Exercise description:
Beginning with the first line below, retype exactly each line through the one containing "Top Construction Companies". Leave out all pictures.

#### Information shown

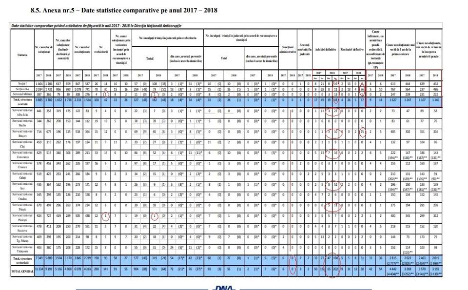 – structura centrală are 43 de oameni achitaţi definitiv în 2018
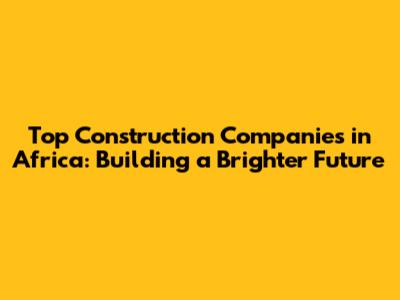 Top Construction Companies In Africa: Building A Brighter Future
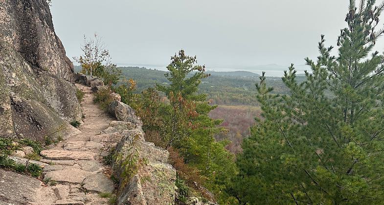 This NRT is now actually Emery Path and Schiff Path. Start on Emery Path from Sieur de Monts and take it up to Schiff, then continue on Schiff to the summit of Dorr Mtn. Both Paths are gorgeous and offer plenty of views over the water and islands. Lots of stone steps and stone paths and, up top, ledges. 360-degree views on summit area. No scrambling required unless you want to take a connector trail from the summit over to Cadillac. Lovely hike.
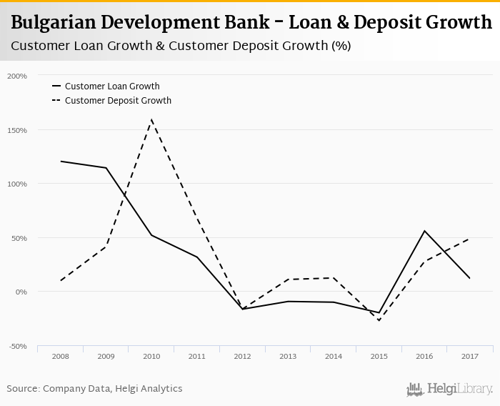 Bulgarian Development Bank's customer loan growth reached 11.7% in 2017, down from 55.7% compared to the previous year. Historically, the bank’s loans growth reached an all time high of 120% in 2008 and an all time low of -19.9% in 2015. In the last decade, the average annual loan growth amounted to 0%.

########

Written solution:
 – structura centrală are 43 de oameni achitaţi definitiv în 2018
 Top Construction Companies In Africa: Building A Brighter Future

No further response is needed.